Hi Avi, Tested as your comment #22. Can reproduce this bug, the host reboot automatically during guest installation. my steps: # grep processor /proc/cpuinfo | wc -l 4 # cd /sys/devices/system/cpu/ # ls cpu0 cpu1 cpu2 cpu3 sched_mc_power_savings # cat cpu0/cpufreq/scaling_governor ondemand # for i in 0 1 2 3; do echo -n userspace > cpu$i/cpufreq/scaling_governor; done # for i in 0 1 2 3; do cat cpu$i/cpufreq/scaling_governor; done userspace userspace userspace userspace # for i in 0 1 2 3; do cat cpu$i/cpufreq/scaling_min_freq > cpu$i/cpufreq/scaling_setspeed; done # for i in 0 1 2 3; do cat cpu$i/cpufreq/scaling_setspeed; done 800000 800000 800000 800000 # for i in 0 1 2 3; do cat cpu$i/cpufreq/scaling_cur_freq ; done 800000 800000 800000 800000 Then run job to install guest in a loop. If my steps have problem please correct me, thanks.

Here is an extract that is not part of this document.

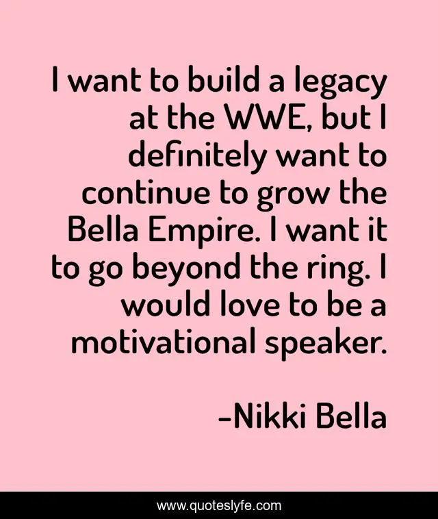 This page presents the quote "I want to build a legacy at the WWE, but I definitely want to continue to grow the Bella Empire. I want it to go beyond the ring. I would love to be a motivational speaker.". Author of this quote is Nikki Bella. This quote is about legacy, love, grow, affection,.
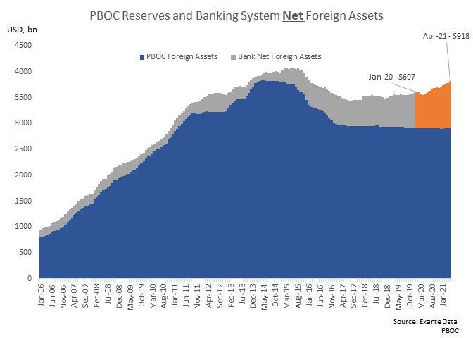 But it's not just the central bank. Chinese state/commercial banks are now behind the biggest portion of FX asset accumulation, with *net* foreign assets up more than $200bn since the start of 2020.

It looks okay. Please provide the output of lspci -xxxx -s 00:18.3 (checking for erratum 346)
Also, the output of plain 'lspci'. Function 18 should be something like "Host bridge: Advanced Micro Devices [AMD] Family 10h Processor".
(In reply to comment #24) > It looks okay. > > Please provide the output of > > lspci -xxxx -s 00:18.3 > > (checking for erratum 346) [root@amd-B95-8-2 ~]# lspci -xxxx -s 00:18.3 00:18.3 Host bridge: Advanced Micro Devices [AMD] Family 10h Processor Miscellaneous Control 00: 22 10 03 12 00 00 10 00 00 00 00 06 00 00 80 00 10: 00 00 00 00 00 00 00 00 00 00 00 00 00 00 00 00 20: 00 00 00 00 00 00 00 00 00 00 00 00 00 00 00 00 30: 00 00 00 00 f0 00 00 00 00 00 00 00 00 00 00 00 40: ff ff ff 3f 5c 00 b0 4a 00 00 00 00 00 00 00 00 50: 00 00 00 00 00 00 00 00 00 00 00 00 00 00 00 00 60: 00 00 00 00 04 00 3f 34 00 00 00 30 51 80 01 60 70: 51 11 32 60 01 01 98 00 14 0c 20 00 11 08 07 00 80: 81 e6 00 e6 e6 41 e6 01 08 00 00 00 00 60 58 00 90: 03 00 00 00 02 00 00 00 00 0d 1f 02 00 00 00 00 a0: 96 08 16 a0 80 18 0c 12 00 00 00 00 00 00 00 00 b0: 00 00 00 00 00 00 00 00 00 00 00 00 43 51 00 00 c0: 00 00 00 00 00 00 00 00 00 00 00 00 00 00 00 00 d0: 00 00 00 00 26 0f 81 c8 16 0f 2e 03 22 63 47 01 e0: 00 00 00 00 30 13 00 1e 59 7f 07 02 00 00 00 00 f0: 0f 00 10 00 00 00 00 00 00 00 00 00 42 0f 10 00
Looks like a really old lspci. Was that from RHEL 5? Please try RHEL 6 or latest Fedora, should give a lot more output, in particular a line beginning with 180:.
(In reply to comment #27) > Looks like a really old lspci. Was that from RHEL 5? Yes, that came from RHEL 5 host. the host info as following: kernel-2.6.18-290.el5 kvm-83-243.el5 From comment #15, this bug only can be reproduced in RHEL5, cannot reproduce it in RHEL6 (used the same host with different OS). > Please try RHEL 6 or > latest Fedora, should give a lot more output, in particular a line beginning > with 180:. Hi Avi, Do you mean let me reinstall above host to RHEL6 then take the lspci info ?
Yes. Or you can try to build pciutils from source if that's easier.
Created attachment 534154 [details] AMD host lspci info Attached the host lspci info.
It looks like 0x188[22] is set, so it's not erratum 346.
This request was evaluated by Red Hat Product Management for inclusion in a Red Hat Enterprise Linux release. Product Management has requested further review of this request by Red Hat Engineering, for potential inclusion in a Red Hat Enterprise Linux release for currently deployed products. This request is not yet committed for inclusion in a release.
Affects specific, outdated, hardware. Closing.